1999 album by Melanie C

Northern Star is the debut solo studio album by the English singer and songwriter Melanie C. It was released on 18 October 1999 by Virgin Records.

Recording sessions took place earlier in the year, during a hiatus from the Spice Girls. As the primary songwriter or co-writer of the album's 12 songs, Melanie Chisholm temporarily relocated to Los Angeles and enlisted several musicians and producers, including William Orbit, Rick Nowels, Marius de Vries, Craig Armstrong and Rick Rubin. Additional recording took place in London and Glasgow. Musically, the album combines pop with elements of rock, electronica, trance, trip hop, and R&B, which contrasted with the sound of Chisholm's group.

Upon its release, Northern Star received generally favorable reviews from music critics, many of whom praised Chisholm for differentiating her sound while noting the influence of Britpop and Madonna's Ray of Light (1998). An international commercial success, Northern Star reached number one on the Swedish Albums Chart and the top ten in countries including Denmark, Finland, Germany, Ireland, the Netherlands, Norway, and the United Kingdom. Northern Star has been certified triple platinum by the British Phonographic Industry and has, as of 2001, sold over 4 million copies worldwide
, making it the best-selling solo album by a member of the Spice Girls.
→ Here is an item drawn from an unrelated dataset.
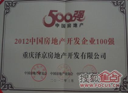 2012年3月21日,由中国房地产研究会、中国房地产协会举办的2012中国房地产500强测评成果发布会在北京盛大举行,共有11家西部企业跻身百强。其中,重庆泽京房地产开发公司与龙湖、金科、隆鑫、协信等五家重庆房企,成为2012中国房地产百强企业。

Northern Star produced five singles. Following "Goin' Down" and "Northern Star," its third and fourth singles "Never Be the Same Again," featuring TLC member Lisa Lopes, and "I Turn to You" became international hits. Both songs earned Chisholm her first solo number ones in the United Kingdom, while the Hex Hector radio mix of "I Turn to You" earned the Grammy Award for Remixer of the Year. "If That Were Me" was released as a charity single. Melanie C promoted Northern Star via numerous live performances and the Northern Star Tour (2000–01), as well as a Channel 4 documentary. The album was re-issued to feature the single mixes of "Never Be the Same Again" and "I Turn to You".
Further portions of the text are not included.